I've also waffled over time about whether or not to treat newsletters from Dr. Dobbs Journal or USENIX as Spam or not -- now my rule of thumb is that since I signed up for them at some point, they are not Spam -- though I don't feel guilty about letting mailagent squirrel them away mostly out of sight.

A few tips about using mailtrainer:

  • Make sure you have a clean corpus
  • Try and make it so that your have roughly equal numbers of Ham and Spam
  • Don't let mailtrainer quit after a set number of rounds. I use a ridiculous repeat count of about 100 -- never expecting to reach anywhere close to that. Instead, I set the streak to a number = number of Spam + number of Ham + 10. This means that mailtrainer does not quit until it has processed every email in the corpus correctly without needing to retrain. Letting mailtrainer quit after it repeated the corpus twice, but before it got a streak of correct classifications left me with a filter with horrible accuracy.
  • Make sure you have a clean corpus (yes, really)
  • While the ratio of similarities between .css files to the differences between .css files is a fun metric, and I use it as an informal, rough benchmark while training, it is not really correlated to accuracy, so don't get hung up on it, like I was. Usually, the value I get when training from scratch on my corpus is somewhere around 7.5; but over time the ratio degrades (falling to about 5), while the filter accuracy keeps increasing.
  • Train only on errors. The good news is that both mailtrainer and mailreaver already do so, so this is easy rule to follow. The reason is that you should only be doing minimal training, in case you have to modify/change the underlying rule in the future. So your filter should be trained to correctly classify the mails you get, but don't shoot for overwhelming scores.
  • Use mailreaver. It has the nice behaviour of asking for retraining when it is unsure of some mail, and it caches mail for some time which really helps in training and rebuilding .css files. The reason mailreaver learns faster than mailtrainer is just this feature, I think.
  • Stash mails you train on in your corpus, and don't hesitate to re-run mailtrainer over your corpus again after you have been training the unsure emails. When you train single emails, the changed filter may no longer correctly classify some email in the corpus you train with. Running mailtrainer over the corpus adjusts the filter to correctly classify every mail again. I generally retrain about once a week, though I no longer retrain from scratch, unless I change the classification algorithm.


Saturday 23 December
Link: Mail Filtering With CRM114: Part 1

Posted early Saturday morning, December 23rd, 2006

License: GPL

Mail Filtering With CRM114: Part 1

The first step is to configure the CRM114 files, and these are now in pretty good shape as shipped with Debian. All that I needed to do was set a password, say that I'd use openssl base64 -d, and stick with the less verbose defaults (so no munging subjects, no saving all mail, no saving rejects, etc, since I have other mechanisms that do all that). The comments in the configuration files are plenty good enough. This part went off like a breeze; the results can be found here (most of the values are still the upstream default).

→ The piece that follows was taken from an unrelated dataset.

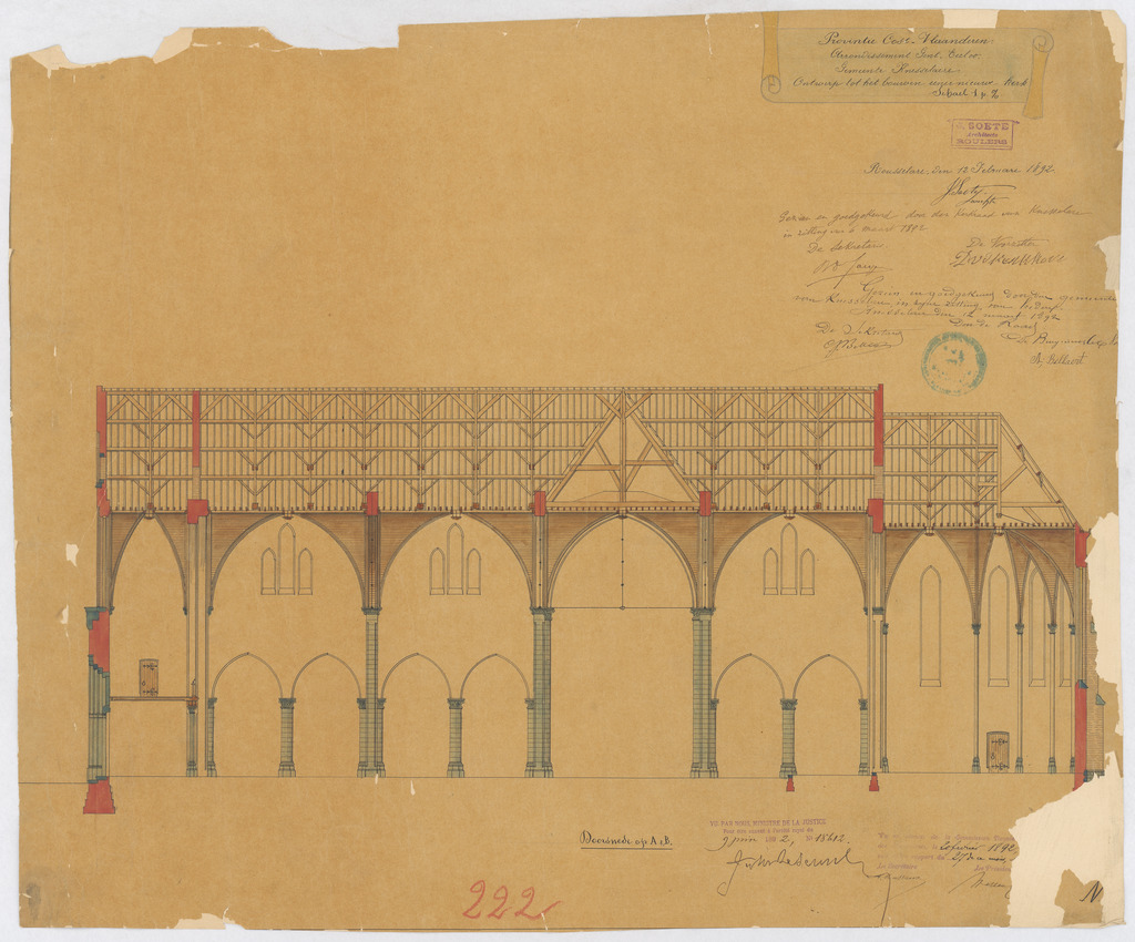 Opschrift: Provincie Oost-Vlaanderen. Arrondissement Gent-Eecloo. Gemeente Knesselare. Ontwerp tot het bouwen eener nieuwe kerk. Omschrijving plan: langsdoorsnede Datum KCML: 20/02/1892 Archiefnummer: O0595

The next step was to create new, empty .css files. I have noticed that creating more buckets makes crm114 perform better, so I go with larger than norm crm114 .css files. I have no idea if this is the right thing to do, but I make like Nike and just do it. At some point I'll ask on the crm114-general mailing list.

    % cssutil -b -r -S 4194000 spam.css
    % cssutil -b -r -S 4194000 nonspam.css

Now we have a blank slate; at this time the filter knows nothing, and is equally likely to call something Spam or non-Spam. We are now ready to learn. So, I girded my loins, and set about feeding my whole mail corpus to the filter:

 /usr/share/crm114/mailtrainer.crm               \
   --spam=/backup/classify/Done/Spam/           \
   --good=/backup/classify/Done/Ham/            \
   --repeat=100 --streak=35000 |                \
         egrep -i '^ +|train|Excell|Running'

And this failed spectacularly (see Debian bug #399306). Faced with unexpected segment violations, and not being proficient in crm114's rather arcane syntax, I was forced to speculation: I assumed (as it turns out, incorrectly) that if if you throw too many changes at the crm114 database, things rapidly escalate out of control. I went o to postulate that as my mail corpus was gathered over a period of errors, the characteristic of Spam drifted over time, and what I consider Spam has also evolved. So, some parts of the early corpus are at variance with the more recent bits.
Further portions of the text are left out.